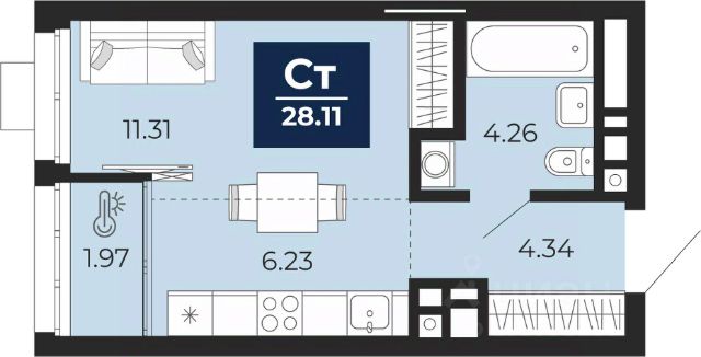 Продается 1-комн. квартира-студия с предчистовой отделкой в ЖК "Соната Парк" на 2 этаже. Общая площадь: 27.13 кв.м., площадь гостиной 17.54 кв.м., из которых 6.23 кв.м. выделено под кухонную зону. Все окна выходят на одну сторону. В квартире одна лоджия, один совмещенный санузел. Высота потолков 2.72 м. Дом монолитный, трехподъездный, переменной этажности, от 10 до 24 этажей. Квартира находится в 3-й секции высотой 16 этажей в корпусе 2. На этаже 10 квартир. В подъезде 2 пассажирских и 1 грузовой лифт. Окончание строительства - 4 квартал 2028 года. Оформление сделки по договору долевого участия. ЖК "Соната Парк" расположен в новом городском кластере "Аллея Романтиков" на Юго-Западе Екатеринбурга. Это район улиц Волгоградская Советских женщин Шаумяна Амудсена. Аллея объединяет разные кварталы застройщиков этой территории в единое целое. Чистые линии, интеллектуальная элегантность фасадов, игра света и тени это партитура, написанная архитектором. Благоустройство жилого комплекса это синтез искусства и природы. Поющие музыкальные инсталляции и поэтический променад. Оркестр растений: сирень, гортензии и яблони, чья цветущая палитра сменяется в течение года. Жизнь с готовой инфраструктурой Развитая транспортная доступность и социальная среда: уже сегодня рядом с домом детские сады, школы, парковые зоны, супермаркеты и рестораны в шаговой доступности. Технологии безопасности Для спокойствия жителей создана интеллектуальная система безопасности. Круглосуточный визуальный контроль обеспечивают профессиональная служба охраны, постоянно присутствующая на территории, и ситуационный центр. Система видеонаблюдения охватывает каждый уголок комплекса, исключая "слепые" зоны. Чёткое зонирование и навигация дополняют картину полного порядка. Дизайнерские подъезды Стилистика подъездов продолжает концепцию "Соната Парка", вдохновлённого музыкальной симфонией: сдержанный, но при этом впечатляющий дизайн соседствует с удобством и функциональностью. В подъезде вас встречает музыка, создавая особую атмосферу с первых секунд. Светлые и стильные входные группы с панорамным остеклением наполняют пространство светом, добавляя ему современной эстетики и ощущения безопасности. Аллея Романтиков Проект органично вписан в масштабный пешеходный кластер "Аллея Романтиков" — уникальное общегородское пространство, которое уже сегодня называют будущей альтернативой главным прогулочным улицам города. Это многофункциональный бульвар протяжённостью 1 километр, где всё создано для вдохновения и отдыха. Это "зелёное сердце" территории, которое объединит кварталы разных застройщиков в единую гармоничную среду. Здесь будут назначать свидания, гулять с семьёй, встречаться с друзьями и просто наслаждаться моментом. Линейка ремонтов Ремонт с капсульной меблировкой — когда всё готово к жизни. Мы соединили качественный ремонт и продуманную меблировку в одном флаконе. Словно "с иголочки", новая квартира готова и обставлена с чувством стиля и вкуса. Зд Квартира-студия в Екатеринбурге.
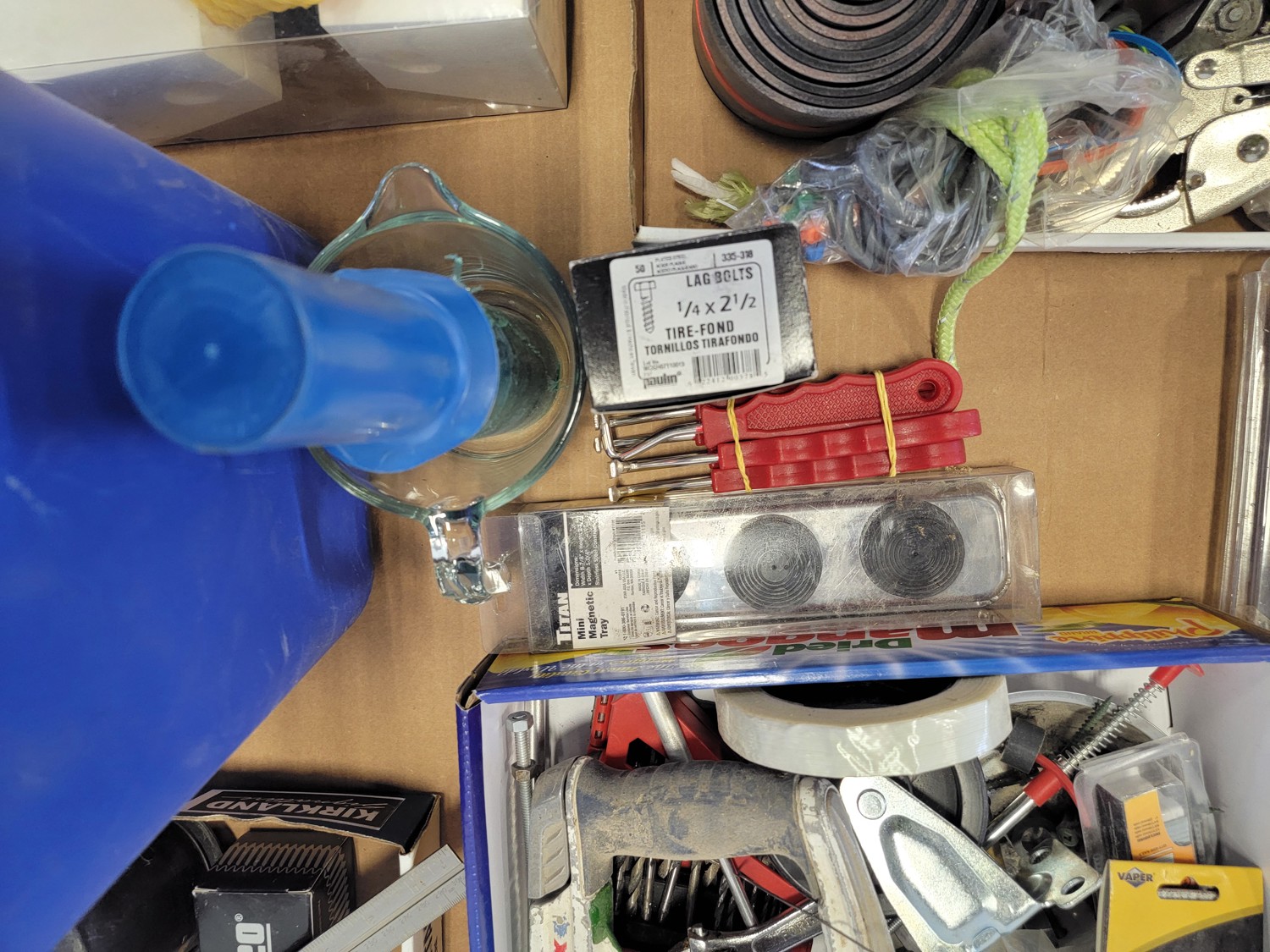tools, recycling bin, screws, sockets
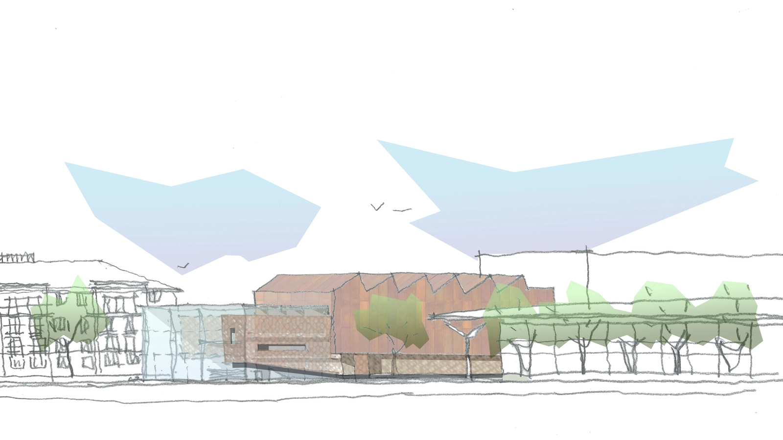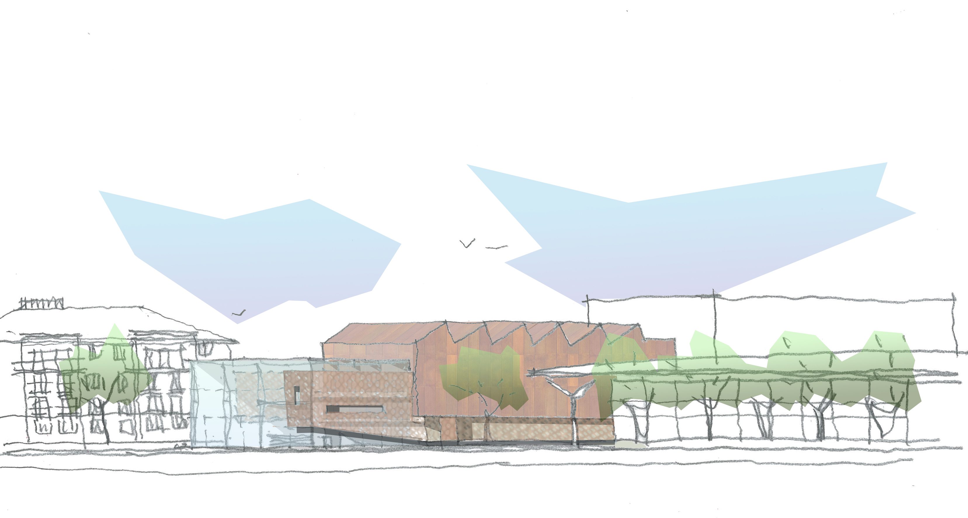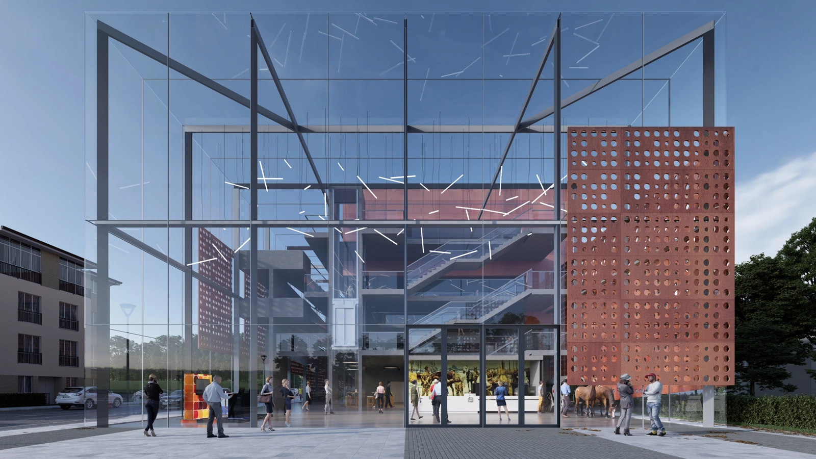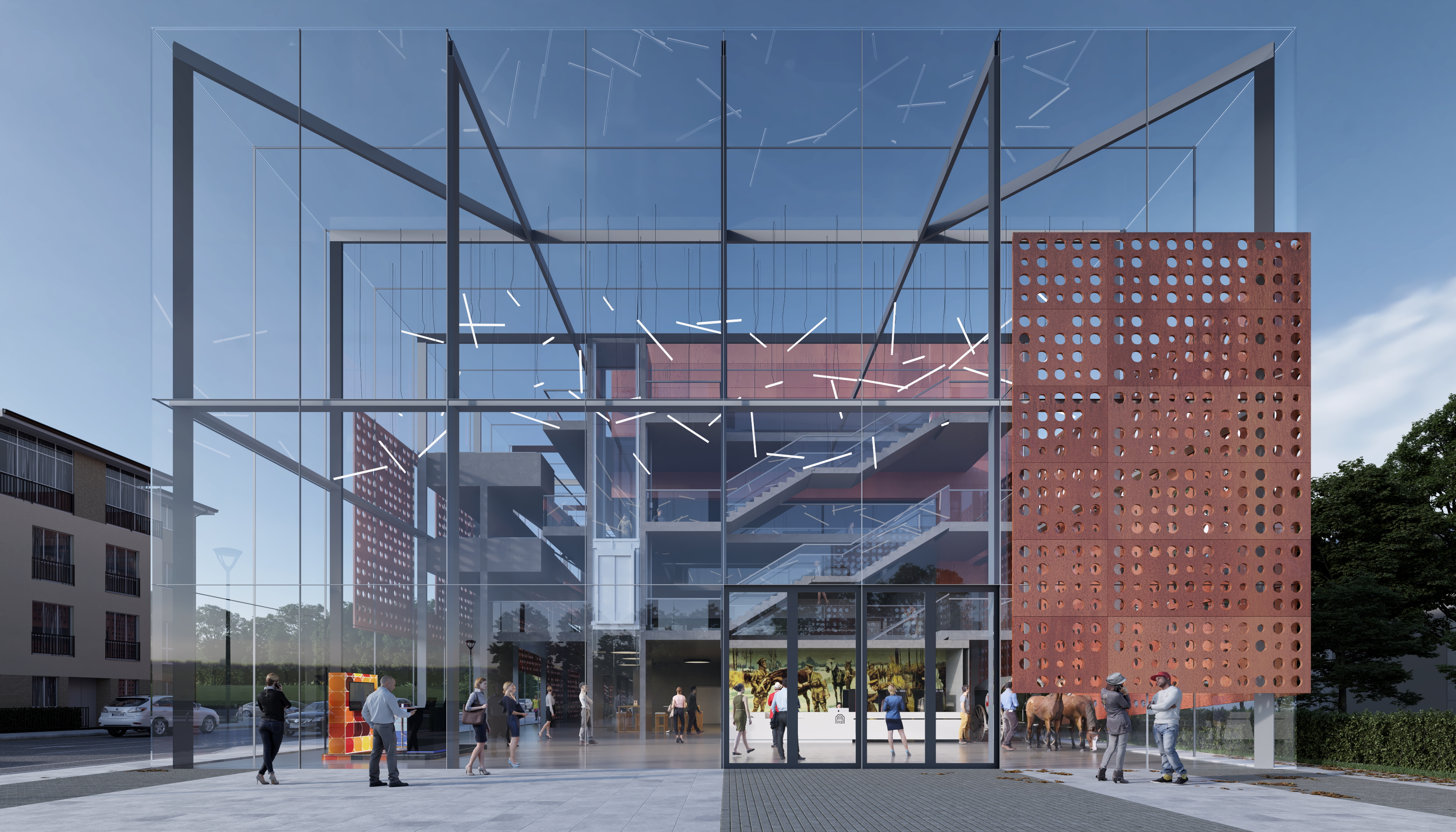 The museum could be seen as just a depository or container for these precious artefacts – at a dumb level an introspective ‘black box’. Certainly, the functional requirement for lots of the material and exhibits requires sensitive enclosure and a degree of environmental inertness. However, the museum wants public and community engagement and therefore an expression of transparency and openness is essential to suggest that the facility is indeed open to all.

Problem requirements:
Please retype the material above exactly, and omit its images.

Response area:
 Продается 1-комн. квартира-студия с предчистовой отделкой в ЖК "Соната Парк" на 2 этаже. Общая площадь: 27.13 кв.м., площадь гостиной 17.54 кв.м., из которых 6.23 кв.м. выделено под кухонную зону. Все окна выходят на одну сторону. В квартире одна лоджия, один совмещенный санузел. Высота потолков 2.72 м. Дом монолитный, трехподъездный, переменной этажности, от 10 до 24 этажей. Квартира находится в 3-й секции высотой 16 этажей в корпусе 2. На этаже 10 квартир. В подъезде 2 пассажирских и 1 грузовой лифт. Окончание строительства - 4 квартал 2028 года. Оформление сделки по договору долевого участия. ЖК "Соната Парк" расположен в новом городском кластере "Аллея Романтиков" на Юго-Западе Екатеринбурга. Это район улиц Волгоградская Советских женщин Шаумяна Амудсена. Аллея объединяет разные кварталы застройщиков этой территории в единое целое. Чистые линии, интеллектуальная элегантность фасадов, игра света и тени это партитура, написанная архитектором. Благоустройство жилого комплекса это синтез искусства и природы. Поющие музыкальные инсталляции и поэтический променад. Оркестр растений: сирень, гортензии и яблони, чья цветущая палитра сменяется в течение года. Жизнь с готовой инфраструктурой Развитая транспортная доступность и социальная среда: уже сегодня рядом с домом детские сады, школы, парковые зоны, супермаркеты и рестораны в шаговой доступности. Технологии безопасности Для спокойствия жителей создана интеллектуальная система безопасности. Круглосуточный визуальный контроль обеспечивают профессиональная служба охраны, постоянно присутствующая на территории, и ситуационный центр. Система видеонаблюдения охватывает каждый уголок комплекса, исключая "слепые" зоны. Чёткое зонирование и навигация дополняют картину полного порядка. Дизайнерские подъезды Стилистика подъездов продолжает концепцию "Соната Парка", вдохновлённого музыкальной симфонией: сдержанный, но при этом впечатляющий дизайн соседствует с удобством и функциональностью. В подъезде вас встречает музыка, создавая особую атмосферу с первых секунд. Светлые и стильные входные группы с панорамным остеклением наполняют пространство светом, добавляя ему современной эстетики и ощущения безопасности. Аллея Романтиков Проект органично вписан в масштабный пешеходный кластер "Аллея Романтиков" — уникальное общегородское пространство, которое уже сегодня называют будущей альтернативой главным прогулочным улицам города. Это многофункциональный бульвар протяжённостью 1 километр, где всё создано для вдохновения и отдыха. Это "зелёное сердце" территории, которое объединит кварталы разных застройщиков в единую гармоничную среду. Здесь будут назначать свидания, гулять с семьёй, встречаться с друзьями и просто наслаждаться моментом. Линейка ремонтов Ремонт с капсульной меблировкой — когда всё готово к жизни. Мы соединили качественный ремонт и продуманную меблировку в одном флаконе. Словно "с иголочки", новая квартира готова и обставлена с чувством стиля и вкуса. Зд Квартира-студия в Екатеринбурге.
tools, recycling bin, screws, sockets
 The museum could be seen as just a depository or container for these precious artefacts – at a dumb level an introspective ‘black box’. Certainly, the functional requirement for lots of the material and exhibits requires sensitive enclosure and a degree of environmental inertness. However, the museum wants public and community engagement and therefore an expression of transparency and openness is essential to suggest that the facility is indeed open to all.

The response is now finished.